在此之前,清脆的耳光声已经把萧遥震得耳朵有些聋,脸上传来的痛觉,更让他感到不可思议,不及发怒,就已经被眼前的变化所震住,一时倒顾不得脸上热辣辣的痛,怔然望着楚韵如:「你怎么能出手,哪里来的剑?」

「你以为你的禁制就真的那么万无一失吗?至于剑……」楚韵如回眸温柔地看了容若一眼:「刚才和他握手时,从他那里接过来的。」

容若目光冷冷望着他:「萧遥!」

这一声,其冷如冰,不带丝毫温情。

萧遥微微一震,这么久以来,容若第一次直呼他的名字,不是二哥,不是萧公子,而是这样冰冷的一声低喝。

「我从头到尾就没有想过和你合作,我很久以前就说过,不管是为天下人牺牲一个人,还是为一个人牺牲天下,我都不会做,生命是平等的,绝对不可以放在秤上秤量。」

容若从容说下去,眼角扫到内堂里一干人愕然的眼神、诡异的表情,耳边听到尽量减轻的脚步声,许多人悄悄移动身形,还有那轻微却不可忽略的兵刃出鞘声。他暗运清心诀,甚至听到四周许多人呼吸吐纳一转为绵长,正是高手出手在即的状态。

楚韵如若有所感,柳眉微蹙,身形微微移动,似有心似无意地把容若遮住了一半。

容若却是微笑摇头,轻轻把她推开,在她耳边,轻如微风地说:「我虽然称不上很有用,终究还是个男人,岂有让妻子挡在面前的道理。」

楚韵如只觉他呼吸的热气,吹得耳朵发烫,一时竟连他在说什么都有些听不清了,心中忽然一阵柔软,倒将眼前的生死险关,全都看轻了。她凝眸望向他,纵知身外杀机重重,却又舍不得移开目光,只想着若能就这样死在一起,倒也没什么可遗憾的。

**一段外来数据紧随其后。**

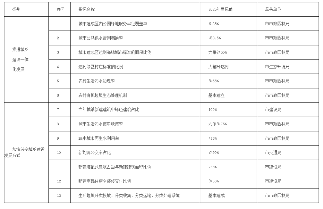 城鄉(xiāng)建設(shè)綠色發(fā)展主要指標(biāo)
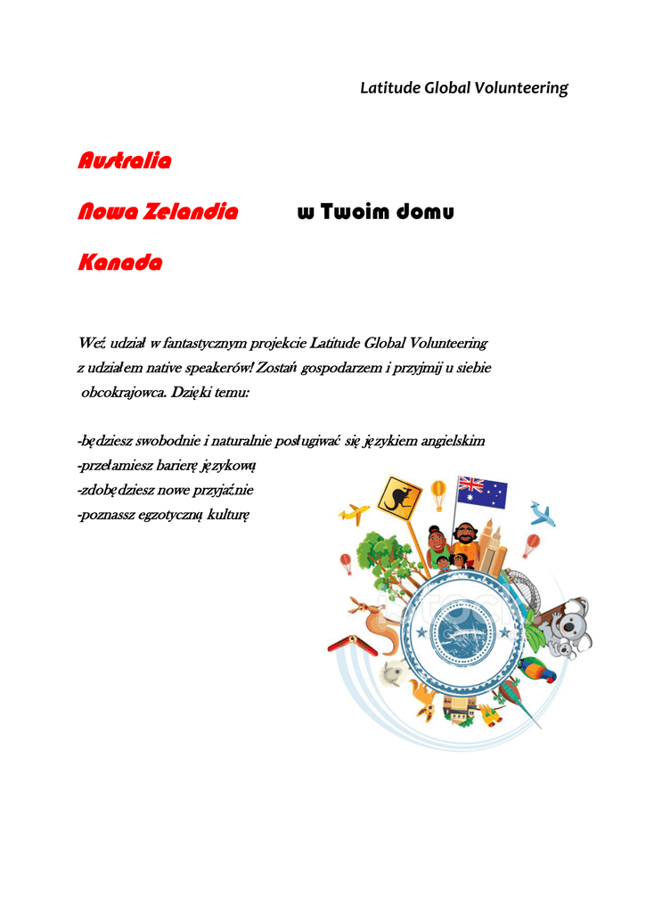 Latitude Global Volunteering Australia Nowa Zelandia w Twoim domu Kanada Weź udział w fantastycznym projekcie Latitude Global Volunteering z udziałem native speakerów! Zostań gospodarzem i przyjmij u siebie obcokrajowca. Dzięki temu: -będziesz swobodnie i naturalnie posługiwać się językiem angielskim -przełamiesz barierę językową -zdobędziesz nowe przyjaźnie -poznassz egzotyczną kulturę

容若给她一个让她安心的眼神,这才笑着对众人一拱手:「各位,你们都上当了,我只是因为长得像当今天子,所以被萧遥掳了我的妻子,逼我冒充皇帝。当今皇上,安坐京城,如果皇帝失踪,那每月一次的大朝会,没有君王临朝的消息,我们应该早就知道了,不是吗?可见,这全是他的谎言。如今我的妻子得回自由,我怎能再助纣为虐,各位……」

「你住口。」萧遥第一次显出惊慌失措的表情来。

楚韵如没有像意料中那样受制,就难以胁制容若。容若虽然没什么本事,但是有他在,就有了大义的名份,有了举兵的基石,有了凝聚人心的口号,一旦让容若把这番话说完,所造成的影响之恶劣,简直不可想像。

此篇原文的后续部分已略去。